Chang criticized what he called the “neoliberal” bent of Korea’s economic policies since the 1997 Asian financial crisis as creating the societal polarization and discontent that has fueled the slew of so-called “populist” political pledges during this election year, and advocated building a universal welfare system over decades in place of current campaign pledges with an expiration date lasting a single presidential term.

In a press conference to mark the publication of his new book titled “What Will We Choose?” in Korean (the book is currently without an official English title) in Gwanghwamun, central Seoul, Chang rejected the political sphere’s recent tendency for equating “conglomerate bashing” with welfare.

“Welfare might mean taking from the rich and giving to the poor under the selective welfare system in the U.S., but in the universal welfare system of Europe, welfare means group purchasing,” Chang said.

“In Britain, health care costs are low because the government buys medicine in bulk. This is why it’s a misconception to think that taxes are a burden; it should be thought of as money we pool for group purchasing, to get a large discount.”

This would mean that the entire public would have to pay more taxes, but Chang argued the benefits would outweigh the drawbacks.

“For example, in the U.S., there is no universal health care - which makes restructuring companies very difficult, as losing a job means losing one’s health care, and the labor unions resist [restructuring efforts] to death.

“However, in Sweden, a person receives 70 to 80 percent of his or her pay when losing their job. They can receive retraining for a new job, and if a person needs to move to a new neighborhood for a job, the government lends money for the move at low interest. In this way, welfare is interlinked with economic production.

“Such [universal welfare] wasn’t necessary during the 1960s and 1970s. But as [Korea’s] industrial structure matures, production and welfare must be interlinked in order for us to jump to the next level.”

Meanwhile, Chang, who had been a staunch opponent of Korea’s enacted free trade pacts with the U.S. and the EU, said that the welfare system is needed to “minimize the damage.”

“In five to 10 years, when people lose jobs in fields where [Korea] lacks competitiveness - agriculture, services, pharmaceuticals - we need the structure in place so they can at least retrain and work in something else,” he said.

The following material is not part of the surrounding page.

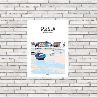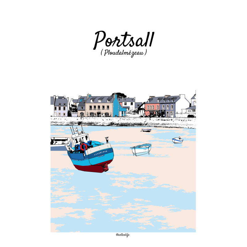 Sur le Port de Portsall à Ploudalmézeau, le sable doré alterne avec de petites mares résiduelles de marée, créant un jeu de reflets subtil. Au centre, des bateaux de pêche authentiques, dont le célèbre Scoubidou aux teintes bleu, rouge et blanc, reposent paisiblement, symboles d’une tradition maritime vivante. À l’arrière-plan, la côte dévoile ses bâtisses colorées, façades rouges, violettes et bleues, qui donnent à l’ensemble une atmosphère vive et chaleureuse.

Chang also called for stronger regulations in the capital market. “Many of the problems viewed as the fault of the chaebol are actually issues emanating from the open financial market and excessive skewing toward the interest of the shareholders,” Chang said.

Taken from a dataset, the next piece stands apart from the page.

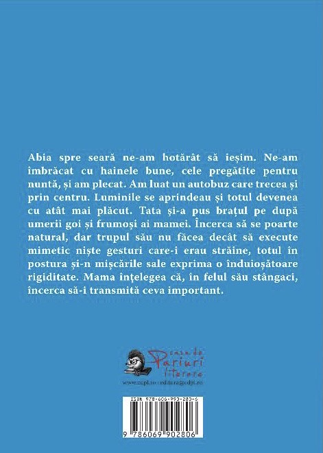 Abia spre seară ne-am hotărât să ieșim. Ne-am îmbrăcat cu hainele bune, cele pregătite pentru nuntă, și am plecat. Am luat un autobuz care trecea și prin centru. Luminile se aprindeau și totul devenea cu atât mai plăcut. Tata și-a pus brațul pe după umerii goi și frumoși ai mamei. Încerca să se poarte natural, dar trupul său nu făcea decât să execute mimetic niște gesturi care-i erau străine, totul în postura și-n mișcările sale exprima o înduioșătoare rigiditate. Mama înțelegea că, în felul său stângaci, încerca să-i transmită ceva important. (Turiștii)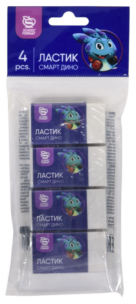 Набор ластиков Schoolformat СМАРТ ДИНО, термопластичная резина, 38х20х10 мм прямоугольный, белый, мягкий, картонный держатель, 4 шт в пакете

“Samsung used to pay 1 to 2 percent of operating profits in dividends; now it pays 50 percent. Soon, it will follow the U.S. or Britain, where 94 percent and 88 percent of operating profits are paid in shareholder dividends, respectively.”

The new book, of which an English translation is not planned yet, is written as a conversation between Chang and two other co-authors.

In addition to teaching economics at Cambridge University since 1990, Chang has written the best-selling “Bad Samaritans: The Myth of Free Trade and the Secret History of Capitalism” (2008) and “23 Things They Don’t Tell You About Capitalism” (2010).